> [Task to complete]
Pictures are to be excluded. Please print only the lines from the one containing "Razorpay's unified single-view" through the end of the data, exactly as they appear.

> [Provided data]
- Opening Delimiter -
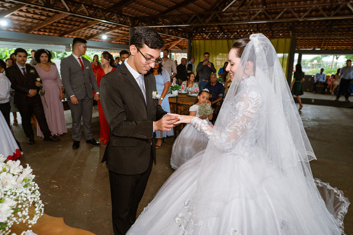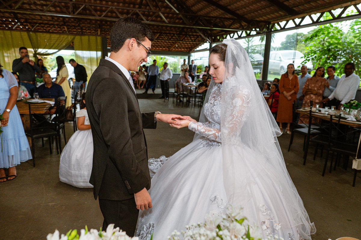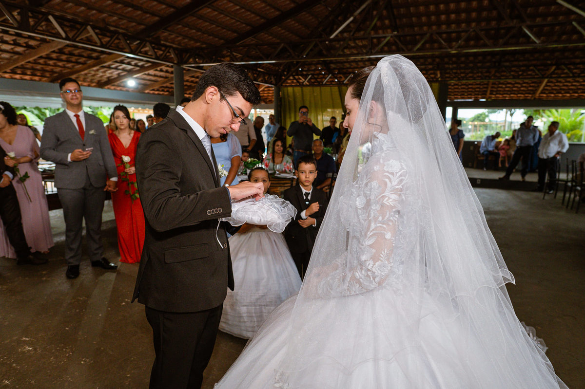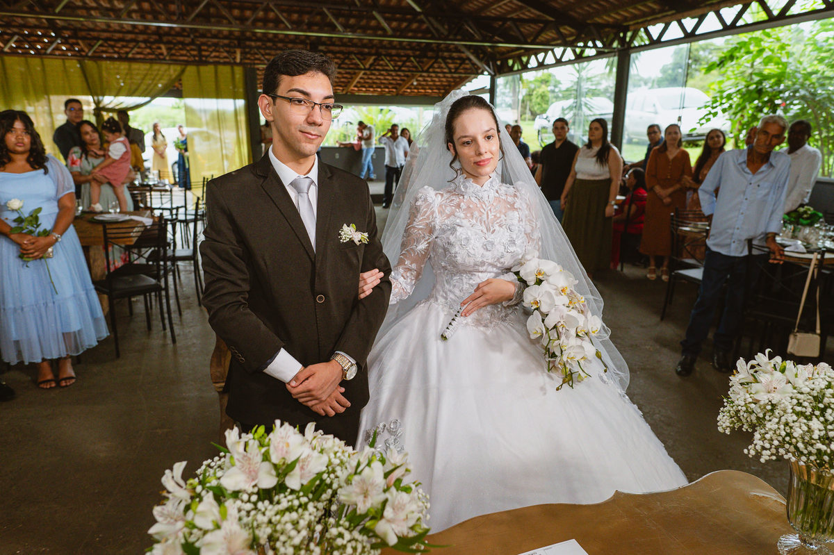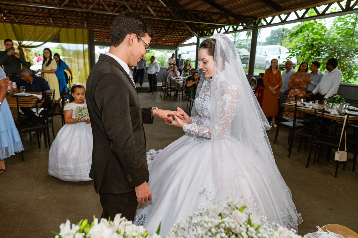 Foi um momento muito forte. Todos acompanhavam com muita felicidade. A juíza os recebeu e iniciou a celebração do casamento. E mesmo não sendo celebrante, ela nos trouxe uma palavra muito cativante. Parabenizou os dois pela atitude e destacou a importância do casamento nos dias atuais. Posteriormente, confirmou os votos de casamento dos dois que prontamente afirmaram em alto e bom som. Depois, as alianças foram trazidas por um casal de pajens que trouxe mais leveza ainda para esse momento. Adriel e Eduarda trocaram as alianças e prometeram amor e fidelidade um ao outro para sempre, fechando aquele instante com um beijo da aliança um do outro. Por fim, eles foram declarados casados e prosseguimos com a assinatura dos documentos.
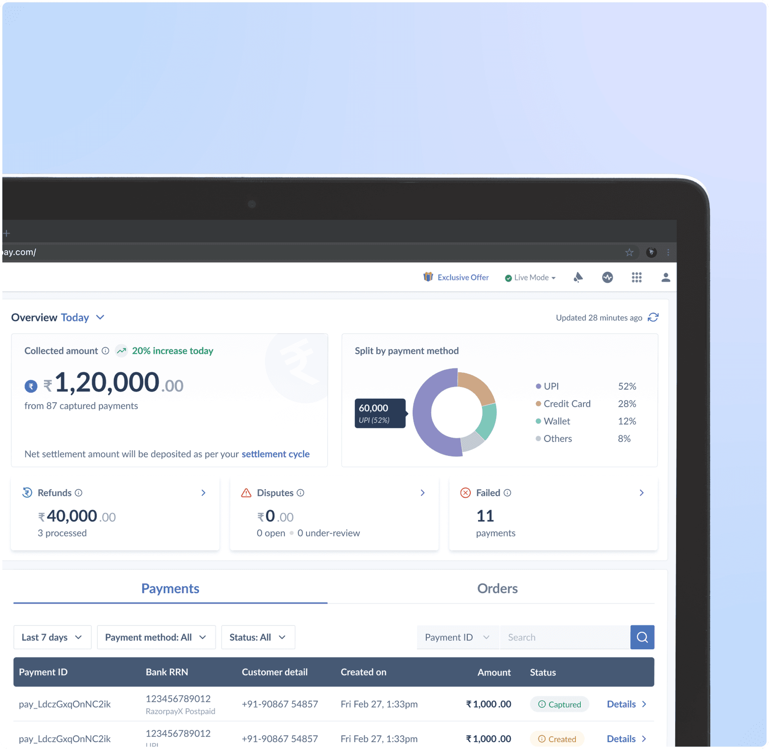 Razorpay's unified single-view dashboard simplifies operations by consolidating transactions from both online and offline channels and gives you actionable insights such as real-time transaction and usage reports, customer behaviour insights and more.
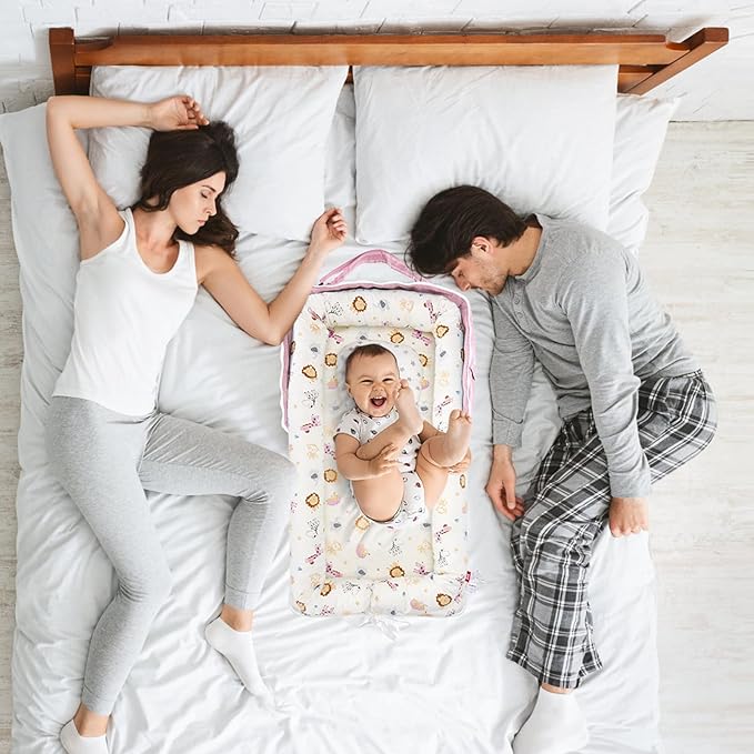 ZIPPER DESIGN:Baby lounger nest zipper design,remove the jacket for easy cleaning.Keep it clean at all times and grow up healthy and happy along with your baby!
- Closing Delimiter -
> [Written solution]
 Razorpay's unified single-view dashboard simplifies operations by consolidating transactions from both online and offline channels and gives you actionable insights such as real-time transaction and usage reports, customer behaviour insights and more.
 ZIPPER DESIGN:Baby lounger nest zipper design,remove the jacket for easy cleaning.Keep it clean at all times and grow up healthy and happy along with your baby!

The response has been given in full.